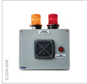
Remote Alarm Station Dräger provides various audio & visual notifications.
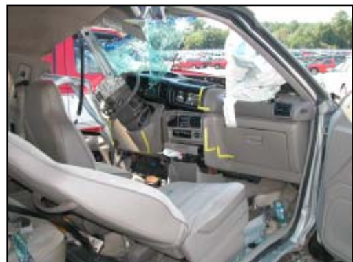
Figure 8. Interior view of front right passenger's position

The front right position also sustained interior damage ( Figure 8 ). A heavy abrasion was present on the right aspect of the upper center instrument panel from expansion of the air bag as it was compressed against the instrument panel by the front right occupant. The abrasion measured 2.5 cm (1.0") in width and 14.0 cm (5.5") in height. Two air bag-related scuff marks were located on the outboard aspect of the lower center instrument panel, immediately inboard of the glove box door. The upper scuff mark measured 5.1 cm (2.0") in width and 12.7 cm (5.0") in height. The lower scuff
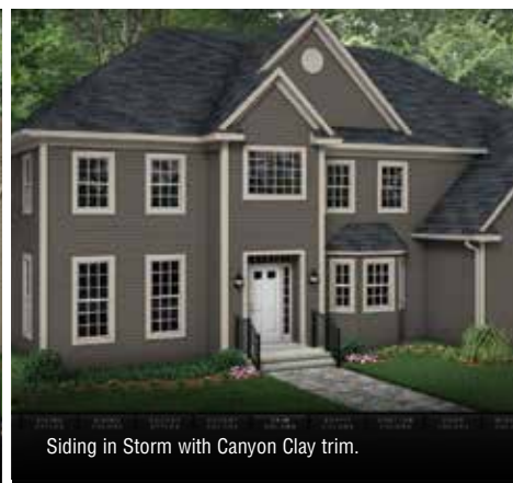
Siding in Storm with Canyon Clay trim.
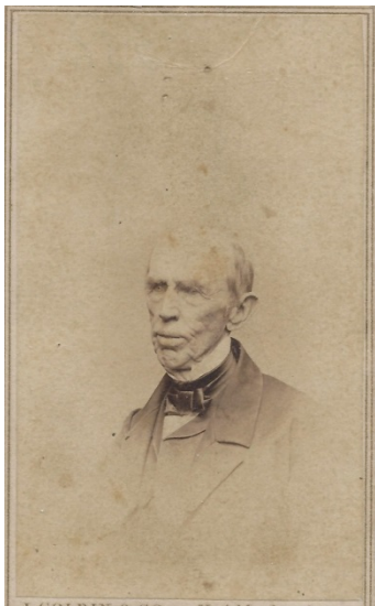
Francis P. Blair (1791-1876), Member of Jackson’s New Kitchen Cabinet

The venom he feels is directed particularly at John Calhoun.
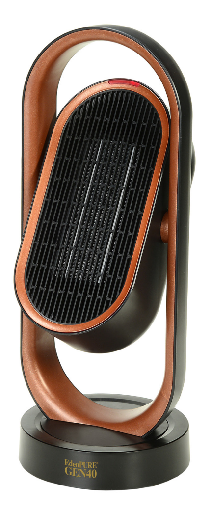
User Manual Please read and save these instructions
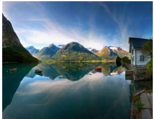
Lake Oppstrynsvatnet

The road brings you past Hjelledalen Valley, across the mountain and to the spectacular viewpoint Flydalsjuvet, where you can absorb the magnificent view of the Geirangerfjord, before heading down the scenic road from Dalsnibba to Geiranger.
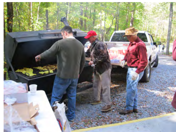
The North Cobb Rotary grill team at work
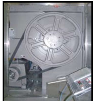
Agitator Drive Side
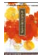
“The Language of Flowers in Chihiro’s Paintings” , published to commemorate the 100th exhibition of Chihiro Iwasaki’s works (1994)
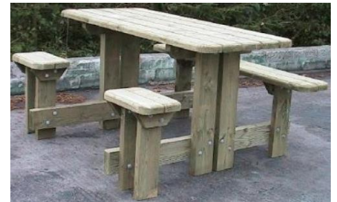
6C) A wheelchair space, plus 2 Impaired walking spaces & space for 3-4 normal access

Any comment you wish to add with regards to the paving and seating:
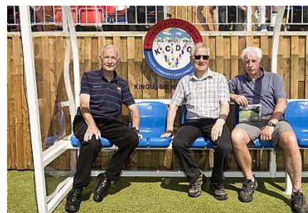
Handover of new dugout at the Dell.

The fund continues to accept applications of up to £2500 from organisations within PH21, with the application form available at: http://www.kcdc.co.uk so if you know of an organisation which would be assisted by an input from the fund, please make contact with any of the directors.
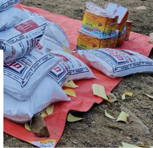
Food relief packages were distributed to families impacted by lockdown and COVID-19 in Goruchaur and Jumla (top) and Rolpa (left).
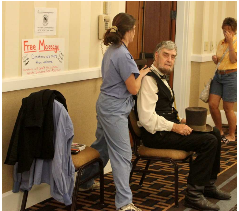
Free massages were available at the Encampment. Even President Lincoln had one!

* * *

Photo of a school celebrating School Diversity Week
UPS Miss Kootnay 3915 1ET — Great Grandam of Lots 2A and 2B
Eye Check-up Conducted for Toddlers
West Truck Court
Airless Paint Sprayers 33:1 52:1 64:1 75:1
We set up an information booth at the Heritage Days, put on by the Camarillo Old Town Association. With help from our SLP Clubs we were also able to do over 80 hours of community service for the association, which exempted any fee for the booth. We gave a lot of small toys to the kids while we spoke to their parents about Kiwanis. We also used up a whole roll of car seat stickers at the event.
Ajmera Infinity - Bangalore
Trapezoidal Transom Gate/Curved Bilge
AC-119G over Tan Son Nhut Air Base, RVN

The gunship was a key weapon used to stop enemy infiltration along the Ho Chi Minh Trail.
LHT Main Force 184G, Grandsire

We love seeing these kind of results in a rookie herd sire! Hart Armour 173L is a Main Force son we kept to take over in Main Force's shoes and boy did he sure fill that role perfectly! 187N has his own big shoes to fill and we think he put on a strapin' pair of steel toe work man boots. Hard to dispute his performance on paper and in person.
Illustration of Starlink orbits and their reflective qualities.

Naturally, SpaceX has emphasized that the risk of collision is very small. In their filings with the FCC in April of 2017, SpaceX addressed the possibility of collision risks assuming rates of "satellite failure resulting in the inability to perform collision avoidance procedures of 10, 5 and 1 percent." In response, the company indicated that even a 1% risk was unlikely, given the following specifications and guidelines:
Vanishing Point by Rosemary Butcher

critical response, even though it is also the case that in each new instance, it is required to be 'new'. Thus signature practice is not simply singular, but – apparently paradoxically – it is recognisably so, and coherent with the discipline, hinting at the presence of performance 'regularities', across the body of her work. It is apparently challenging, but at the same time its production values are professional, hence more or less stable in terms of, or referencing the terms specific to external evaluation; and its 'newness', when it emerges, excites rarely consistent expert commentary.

→ **WHAT YOU WILL DO**: Some lines of the records above may hold the word "available". Report how many, and nothing else.

→ **OUTPUT FOR THIS EXERCISE**: 2